- **EXERCISE OBJECTIVE**:
What you return must match the listing exactly, with every image removed.

- **RECORDED INFORMATION**:
- - - -

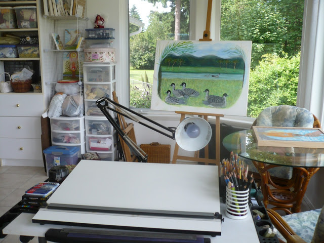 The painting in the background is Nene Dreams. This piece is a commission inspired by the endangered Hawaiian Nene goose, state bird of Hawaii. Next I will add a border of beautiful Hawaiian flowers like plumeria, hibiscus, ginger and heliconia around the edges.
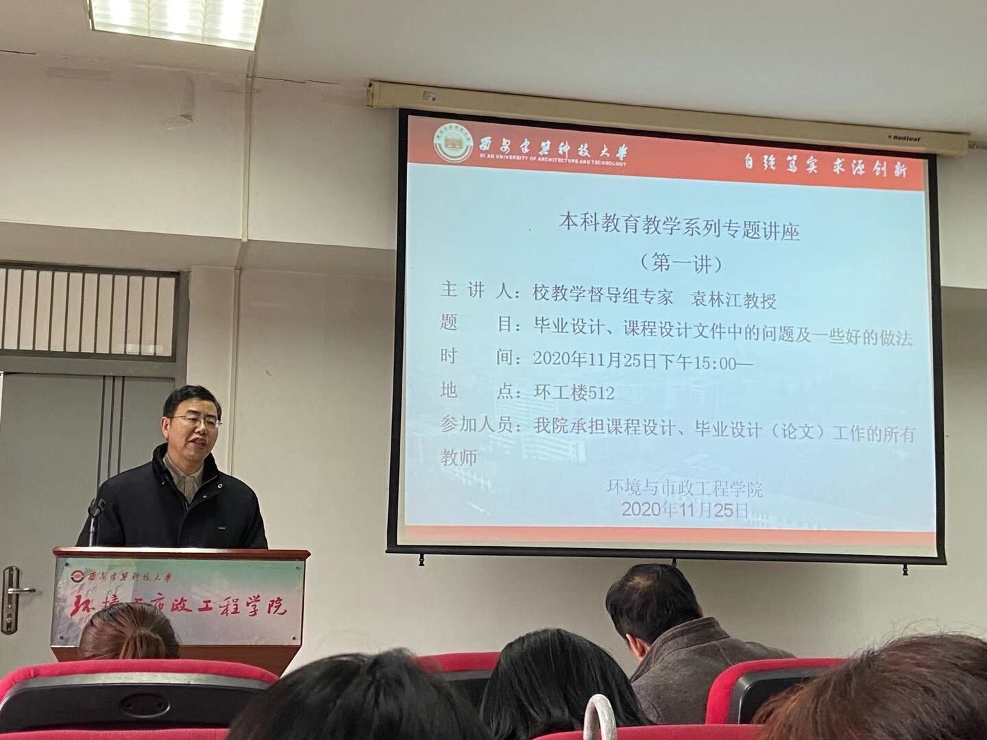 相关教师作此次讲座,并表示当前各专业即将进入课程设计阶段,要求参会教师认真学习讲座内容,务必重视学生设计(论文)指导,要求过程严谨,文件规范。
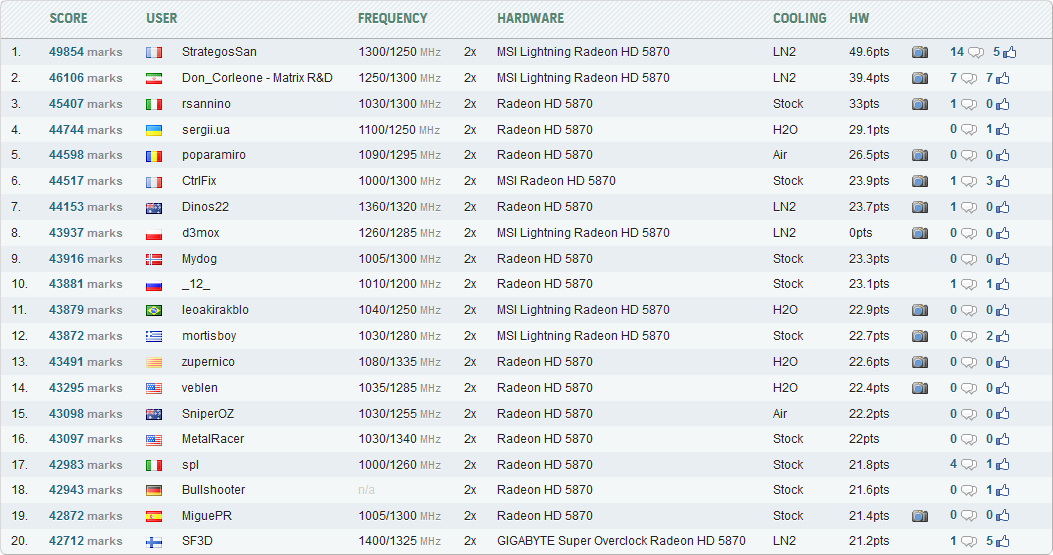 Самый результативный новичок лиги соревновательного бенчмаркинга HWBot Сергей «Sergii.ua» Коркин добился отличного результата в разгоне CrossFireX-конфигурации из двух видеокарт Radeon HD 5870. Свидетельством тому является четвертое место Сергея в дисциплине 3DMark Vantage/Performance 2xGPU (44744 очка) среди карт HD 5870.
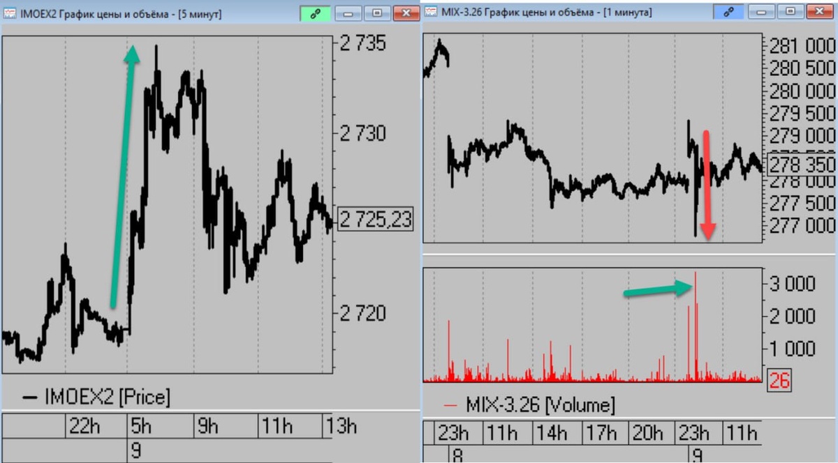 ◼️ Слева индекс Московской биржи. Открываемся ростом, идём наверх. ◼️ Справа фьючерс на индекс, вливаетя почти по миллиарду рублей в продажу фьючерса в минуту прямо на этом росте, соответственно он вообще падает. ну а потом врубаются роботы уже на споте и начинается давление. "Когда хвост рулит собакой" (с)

- - - -

- **ANSWER TO THE PROBLEM**:
 The painting in the background is Nene Dreams. This piece is a commission inspired by the endangered Hawaiian Nene goose, state bird of Hawaii. Next I will add a border of beautiful Hawaiian flowers like plumeria, hibiscus, ginger and heliconia around the edges.
 相关教师作此次讲座,并表示当前各专业即将进入课程设计阶段,要求参会教师认真学习讲座内容,务必重视学生设计(论文)指导,要求过程严谨,文件规范。
 Самый результативный новичок лиги соревновательного бенчмаркинга HWBot Сергей «Sergii.ua» Коркин добился отличного результата в разгоне CrossFireX-конфигурации из двух видеокарт Radeon HD 5870. Свидетельством тому является четвертое место Сергея в дисциплине 3DMark Vantage/Performance 2xGPU (44744 очка) среди карт HD 5870.
 ◼️ Слева индекс Московской биржи. Открываемся ростом, идём наверх. ◼️ Справа фьючерс на индекс, вливаетя почти по миллиарду рублей в продажу фьючерса в минуту прямо на этом росте, соответственно он вообще падает. ну а потом врубаются роботы уже на споте и начинается давление. "Когда хвост рулит собакой" (с)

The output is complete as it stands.